*AIM OF THE TASK*
Would you retype, word for word, the line with "Opinioni de' cantori" and each line after it to the end of the entries below, leaving the pictures out?
#### EXERCISE DATA
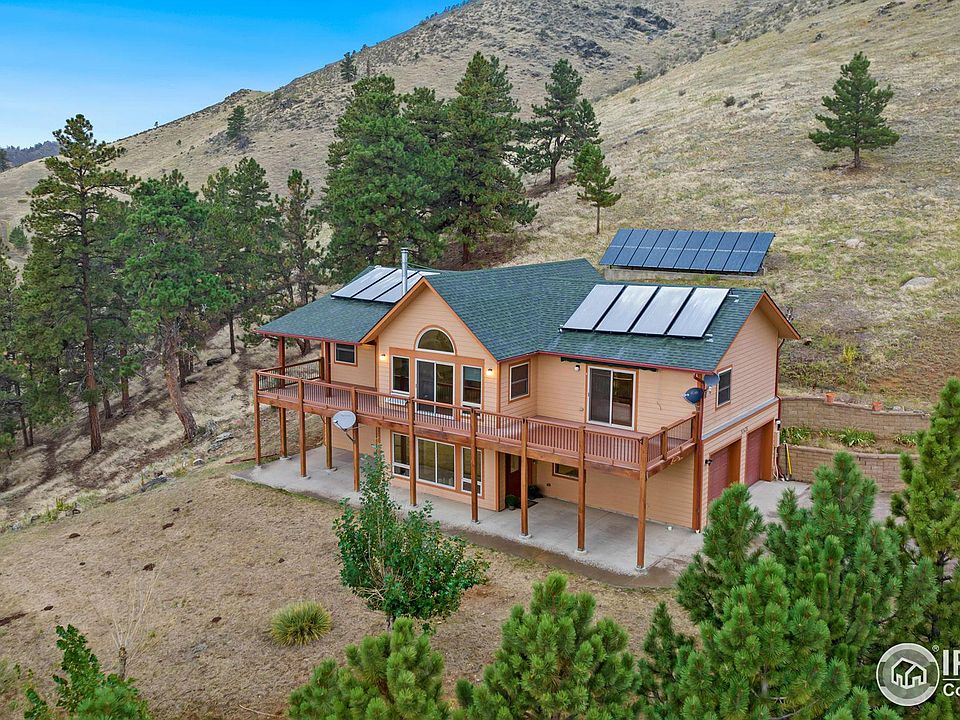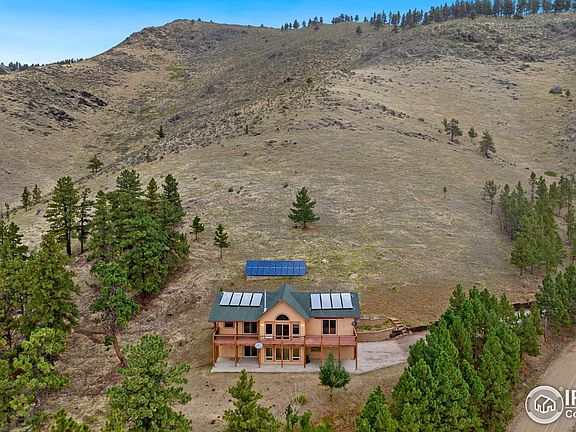 Close in Mountain Home in Restone Canyon on the Westside of Horsetooth Rock. Sustainable Home, with Passive Solar. Unobstructed Views all the way to Pikes Peak. Designed by Dr. John Fitch as his own home. 3 Bedrooms, each with ensuite bathrooms and walk-in closets. Open Floor Plan with a Great Room off the Kitchen, Vaulted Ceilings, Wood Stove and Views into the Valley of Redstone Canyon. Expanded Deck with Entries from each Bedroom. 40 Acres of your own Paradise! Easy Access to Fort Collins/Loveland.
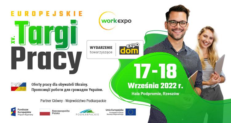 XV Europejskie Targi Pracy WORK EXPO 17-18 września w Rzeszowie stwarzają okazję do zaprezentowania ofert pracy a poszukującym zatrudnienia stwarzają doskonałą okazję do zapoznania się z najnowszymi ofertami pracy, szkoleń i staży. Targi pracy to także najszybszy sposób rozpoczęcia udanego procesu rekrutacji.
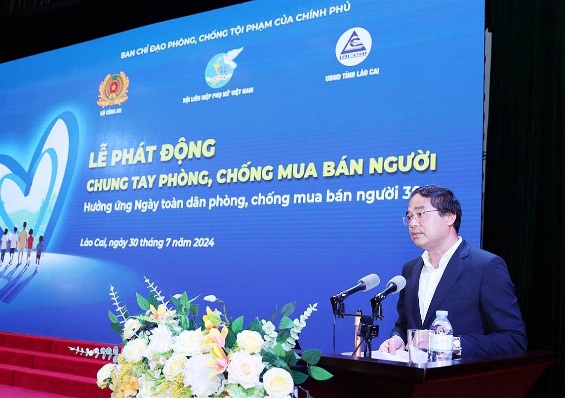 Sáng 30/7, tại Trung tâm Hội nghị tỉnh Lào Cai, Bộ Công an phối hợp với Trung ương Hội Liên hiệp Phụ nữ Việt Nam và UBND tỉnh Lào Cai tổ chức Lễ phát động “Chung tay phòng, chống mua bán người” hưởng ứng “Ngày thế giới phòng, chống mua bán người” và “Ngày toàn dân phòng, chống mua bán người 30/7” năm 2024 với chủ đề “Không trẻ em nào bị bỏ lại phía sau trong cuộc chiến phòng, chống mua bán người”.
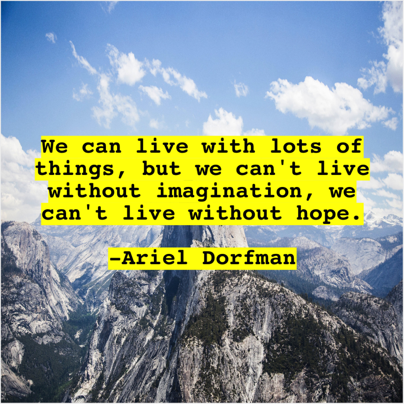 Ariel Dorfman Ariel Dorfman – We can live with lots… June 17, 2019 admin “We can live with lots of things, but we can’t live without imagination, we can’t live without hope.”-Ariel Dorfman
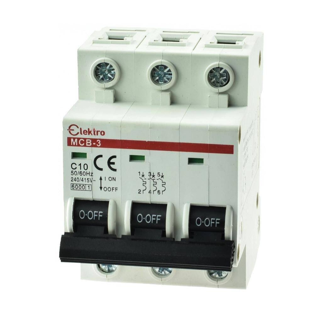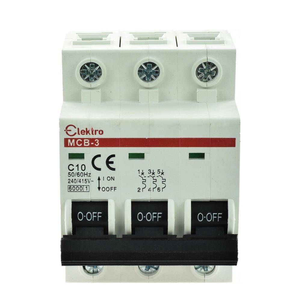 ,Trzybiegunowy wyłącznik nadprądowy, prąd znamionowy 10A, charakterystyka typu C
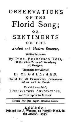 Opinioni de' cantori antichi, e moderni... [Observations on the Florid Song]
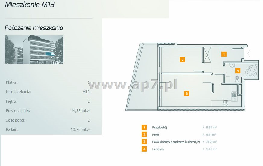 Opis wszystkich mieszkań dostępnych w apartamentowcu dostępny na naszej stronie internetowej www.ap7.pl.
########
*WRITTEN ANSWER*
 Opinioni de' cantori antichi, e moderni... [Observations on the Florid Song]
 Opis wszystkich mieszkań dostępnych w apartamentowcu dostępny na naszej stronie internetowej www.ap7.pl.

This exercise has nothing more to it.